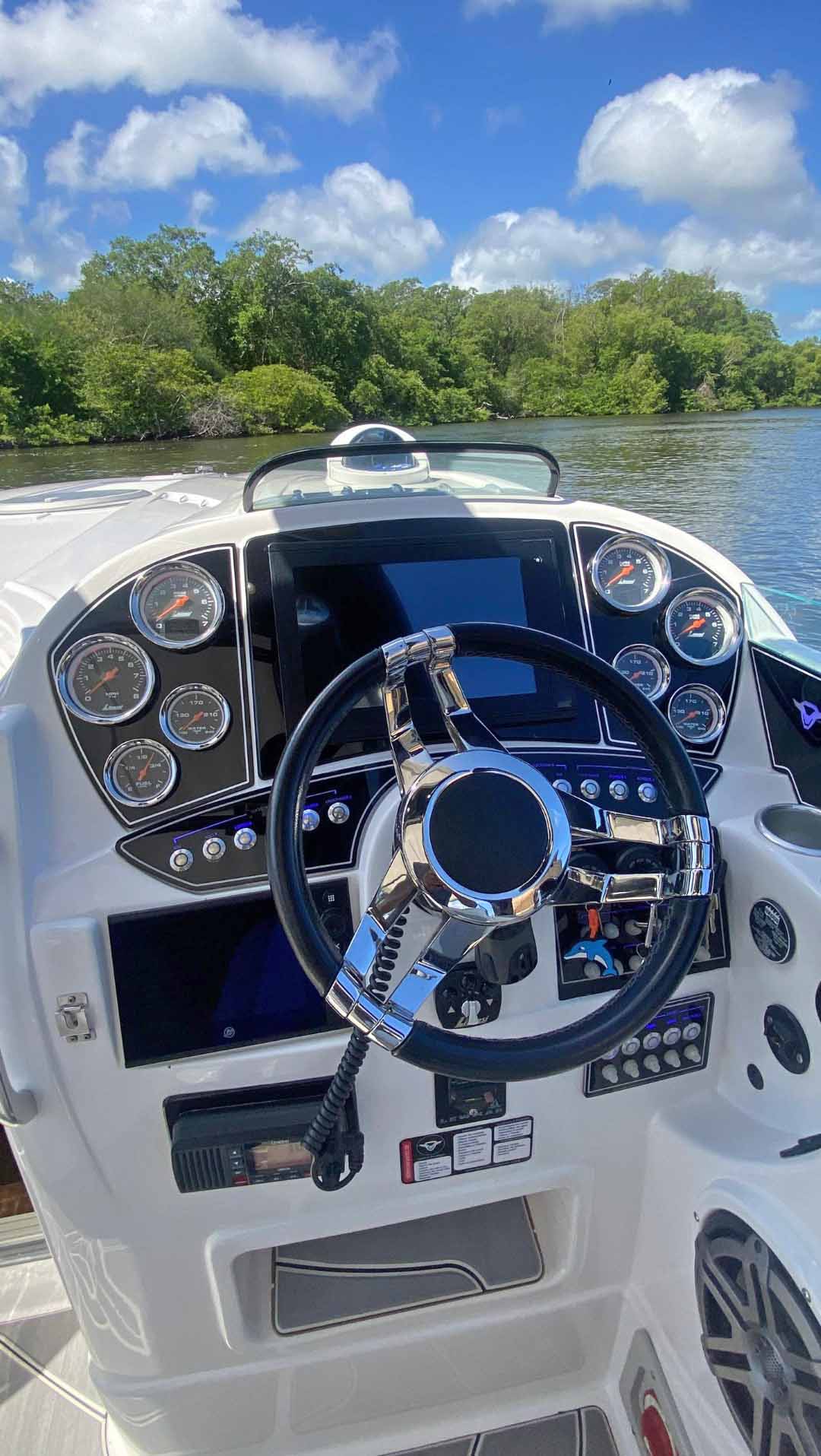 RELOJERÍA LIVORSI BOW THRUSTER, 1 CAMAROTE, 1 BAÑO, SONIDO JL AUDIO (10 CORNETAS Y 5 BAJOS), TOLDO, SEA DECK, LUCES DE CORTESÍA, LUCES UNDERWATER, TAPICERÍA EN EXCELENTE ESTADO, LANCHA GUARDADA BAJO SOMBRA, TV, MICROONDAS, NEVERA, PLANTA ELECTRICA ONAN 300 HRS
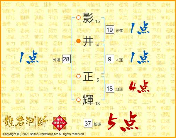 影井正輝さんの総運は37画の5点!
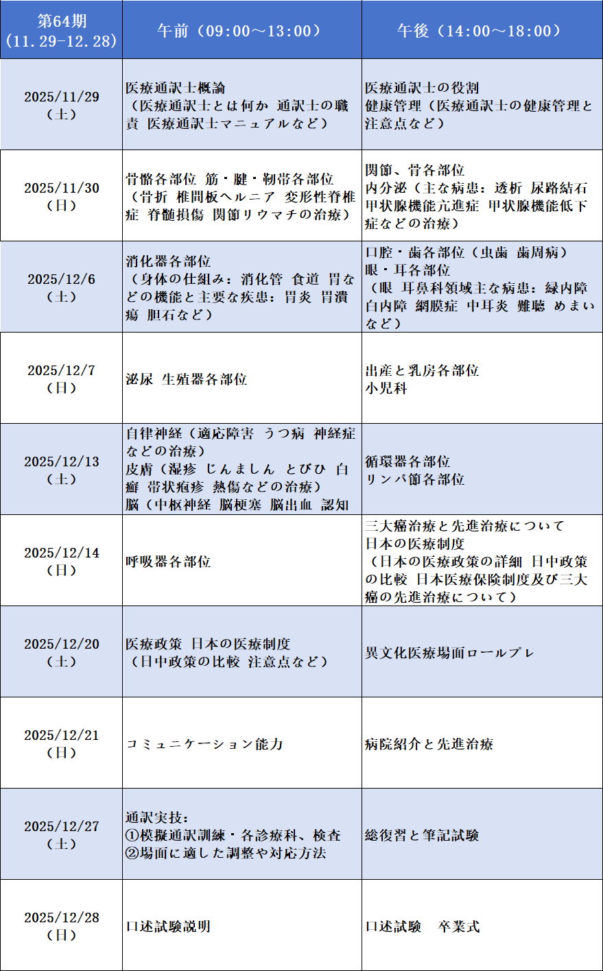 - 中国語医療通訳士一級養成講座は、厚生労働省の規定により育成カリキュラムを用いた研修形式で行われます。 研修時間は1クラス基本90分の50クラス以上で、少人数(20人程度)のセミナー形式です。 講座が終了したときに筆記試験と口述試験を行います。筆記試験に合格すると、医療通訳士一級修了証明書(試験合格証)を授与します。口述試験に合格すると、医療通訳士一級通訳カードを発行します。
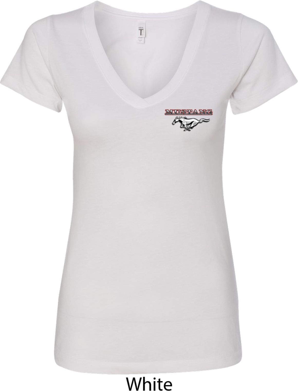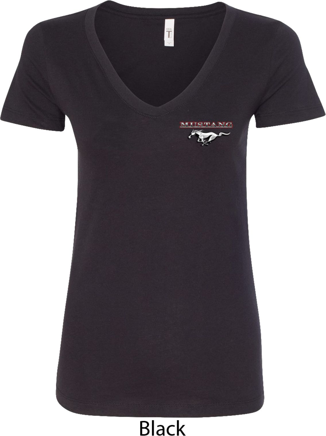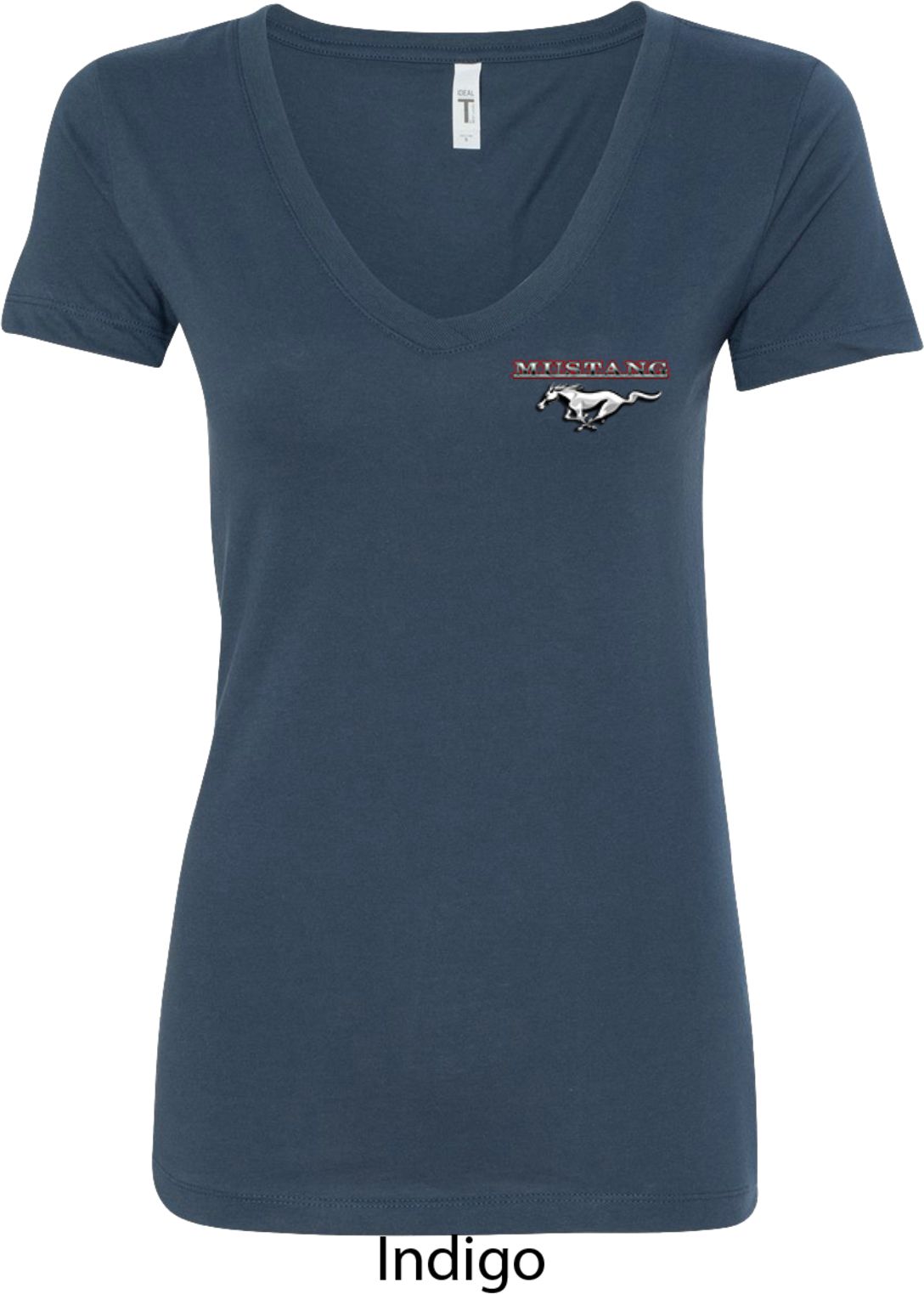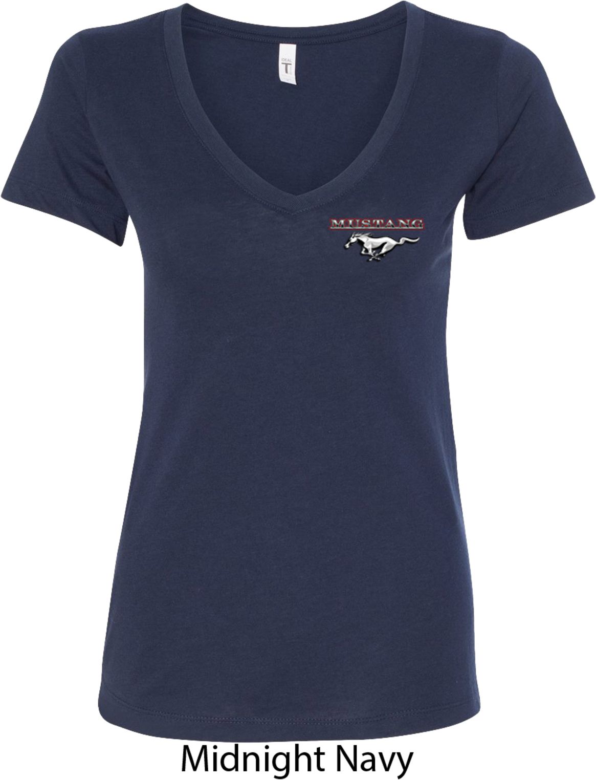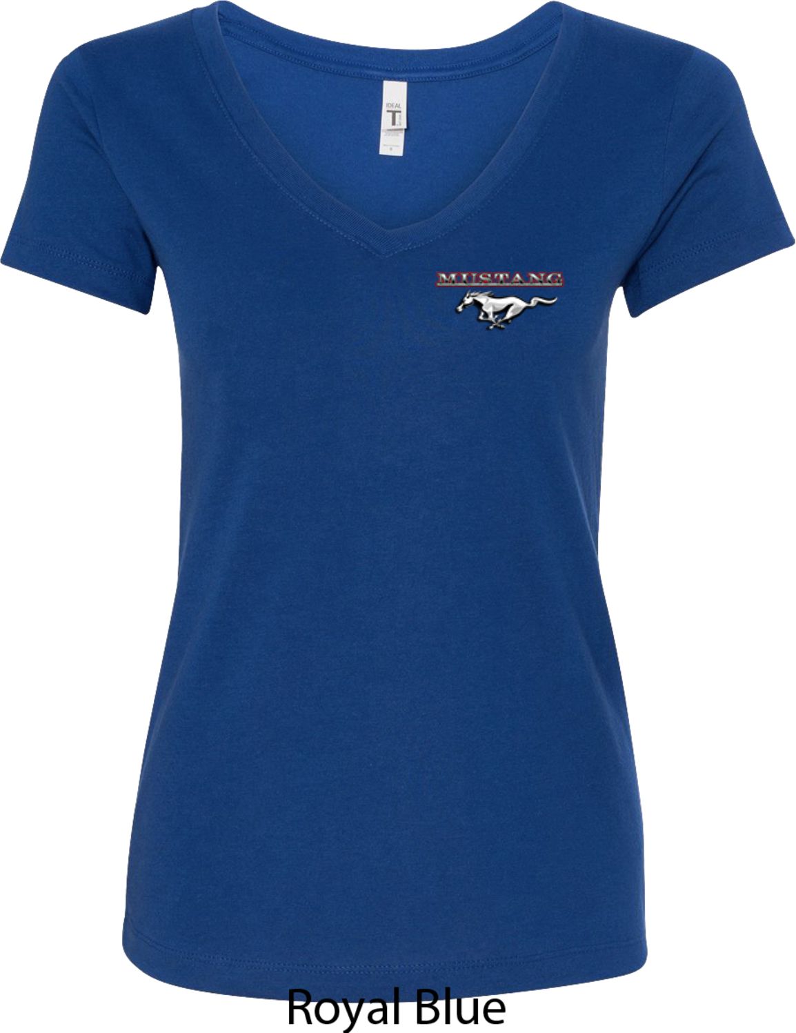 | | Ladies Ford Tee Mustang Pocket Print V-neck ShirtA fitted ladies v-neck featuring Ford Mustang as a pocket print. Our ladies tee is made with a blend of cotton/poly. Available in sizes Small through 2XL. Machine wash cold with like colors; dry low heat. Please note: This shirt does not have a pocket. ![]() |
--------
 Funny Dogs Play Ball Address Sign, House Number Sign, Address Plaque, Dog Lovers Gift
--------
▶ **TRY IT**
Although pictures appear among the entries, please set down only the lines from the one with "RELOJERÍA LIVORSI BOW" up to and including the one with "影井正輝さんの総運は37画の5点!", word for word.

▶ **OUTPUT**
 RELOJERÍA LIVORSI BOW THRUSTER, 1 CAMAROTE, 1 BAÑO, SONIDO JL AUDIO (10 CORNETAS Y 5 BAJOS), TOLDO, SEA DECK, LUCES DE CORTESÍA, LUCES UNDERWATER, TAPICERÍA EN EXCELENTE ESTADO, LANCHA GUARDADA BAJO SOMBRA, TV, MICROONDAS, NEVERA, PLANTA ELECTRICA ONAN 300 HRS
 影井正輝さんの総運は37画の5点!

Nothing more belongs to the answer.